I was in Havana several years ago (don't ask). The absolute best (for what I like) is a Cohiba Robusto. I smoked one every night when I was down there, Smooth, Rich, and wonderful!! There is no substitute! 

I saw them while I was on vacation in Cananda. They were all dried out and going for $35 a piece. In Havana, they were perfectly cared for and cost $7. $35 was too rich for my blood!


----------



## REDRUM (Aug 15, 2015)

Great - thanks for that John! I think I'm interested more in the process than actually smoking them but hey, when in Rome... I will look out for the Cohibas.

Gotta fly across the Pacific, trying to work out whether to spend a little bit of time in Costa Rica or Chile on the way over (or on the way back) - the wine-lover in me says Chile- and I'm really excited to see the Atacama Desert & the Andes - but I have heard nothing but good things about Costa Rica. Does anyone have any tips / suggestions?


----------



## ibglowin (Aug 15, 2015)

We get together with just the guys from our Gourmet Dinner group about once a year for a "gentlemen's afternoon" of fine cigars, brandy, cognac and of course I bring a few bottles of port. We sit on the back portal and look out at this view. Sometimes we go crazy and break out the "Potato Gun" LOL Life is good.


----------



## REDRUM (Aug 15, 2015)

Wow, what a view!!! New Mexico? Are there many vineyards in your 'hood?


----------



## ceeaton (Aug 15, 2015)

Potato gun, now your speaking my language. BTW, that is one beautiful view!


----------



## ibglowin (Aug 16, 2015)

Yea, those are the Sangre de Christo mountains. Elevation almost 13,000 ft and home to the Sante fe ski area. New Mexico is actually the oldest grape growing region in the US. The Spanish Conquistadors brought grape cuttings way back in the 1600's. The monks made the communion wine out of it. As for vineyards, the bulk of the acreage is way down South close to the border of Mexico. Probably close to 600 acres of vinifera are planted there. More and more acerage is being planted up North these days. Much cooler weather if you can find a good location as the Winters can be quite cold due to the high elevation.

Here is a link to all the Wineries in NM

Here is a link to the Vineyards in NM



REDRUM said:


> Wow, what a view!!! New Mexico? Are there many vineyards in your 'hood?


----------



## ceeaton (Aug 16, 2015)

UnQuarked - The Wine Room; someone has a good sense of humor!


----------



## ibglowin (Aug 16, 2015)

Yea, a little "geek" humor!


----------



## JohnT (Aug 17, 2015)

ceeaton said:


> Potato gun, now your speaking my language.
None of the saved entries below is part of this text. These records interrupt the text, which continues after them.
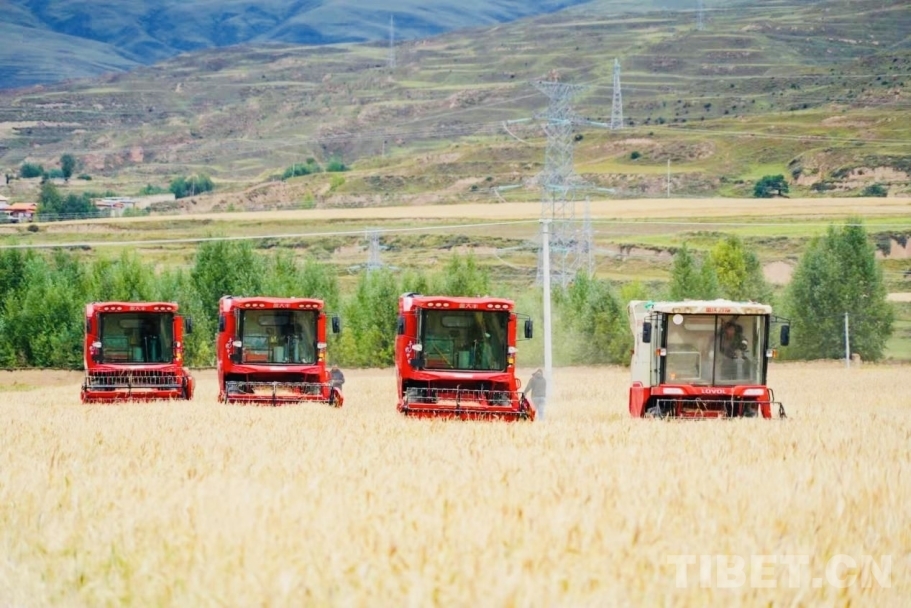 中国西藏网讯 8月29日,四川省甘孜藏族自治州甘孜县拖坝乡拖坝四村的500亩青稞基地里,收割机轰鸣作响,饱满的青稞穗被整齐收割。甘孜县12万亩青稞陆续成熟,高原上一片金黄。据甘孜县农牧农村和科技局数据显示,今年全县青稞预计总产量达27805吨,较去年增长4.9%,再创历史新高。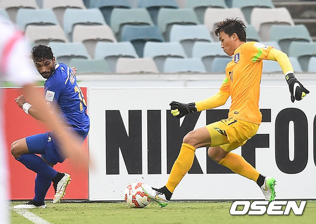 13일 오후(이하 한국시간) 호주 캔버라 스타디움에서 열린 '2015 AFC 아시안컵 조별리그 2차전' 한국-쿠웨이트의 경기,김승규가 공을 걷어내고 있다.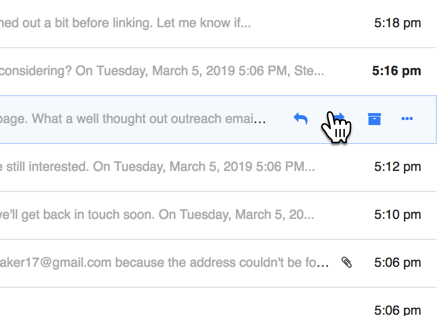 Email management is built directly into the inbox, so you can take action on any replies sent to you by simply hovering over emails sent to you. This lets you work through your email queue without ever having to leave the inbox to click into individual contact records or visit other mail clients.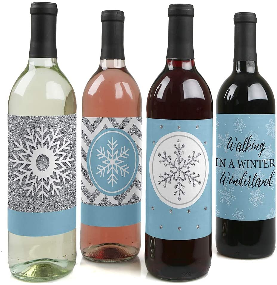Winter Wonderland - Snowflake Holiday Party and Winter Wedding Decorations for Women and Men - Wine Bottle Label Stickers - Set of 4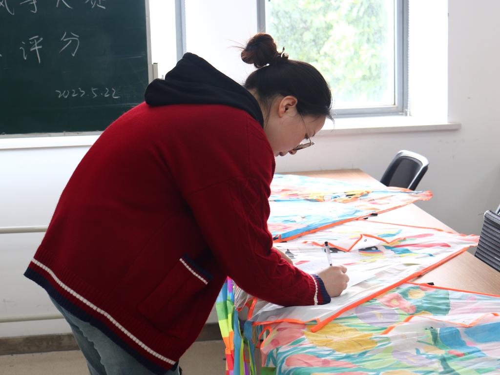 5月22日,在机械楼B308会议室的DIY创作评分现场,评委们从颜色搭配、图案创新和设计理念等方面对参赛选手提交的风筝作品进行评分。孟召双对学生通过风筝展示出的丰富想象力及对生活的美好憧憬表示了赞赏与肯定。她提出,本次风筝大赛设计主题不限,同学们的创意与想象力得到了充分的展示,对美好事物的热爱、对未来生活的憧憬都通过一只只风筝呈现出来。最终机械学院“立大功汪汪队”获得一等奖,生物工程学院“舒晴小冰梅队”、机械学院“乘风队”分获二、三等奖。至此,第二届“江南春·纸鸢齐”风筝大赛圆满落幕。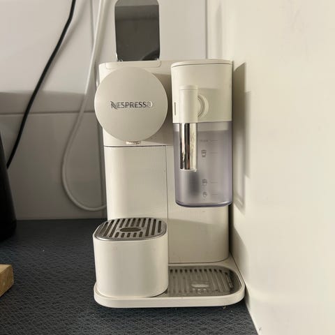 Nespresso Lattissima One espressomaskin med integrerad mjölkskummare. Maskinen har en kompakt design med svart och vit färg. Utrustad med avtagbar mjölktank och vattenbehållare. Passar för att brygga espresso och skumma mjölk för olika kaffedrycker.

BTW, that is one beautiful view!


 

Never one to shy away from a tangent..

My older brother is a ME out of Steven's Tech. With his engineering background, he is a dangerous man. One day, I bet him 2 cases of beer that he could not get a potato to break the sound barrier. He took up the challenge and called me (2 weeks later) to his house saying "bring the beer".

He built a potato cannon to end all potato cannons. It had a 10 foot barrel and a 5 foot breach. Powered by a new compressor up to 150 psi, you could hear the distinct "crack" after he set it off. 

The target was a sheet of exterior grapes 5/8" plywood positioned about 200 feet away. When that potato hit that target, all that could be seen is a big cloud of disintegrated spud. The target had a perfect hole punched out of it. I remembering yelling out "*Santa Maria!*" when this thing was fired.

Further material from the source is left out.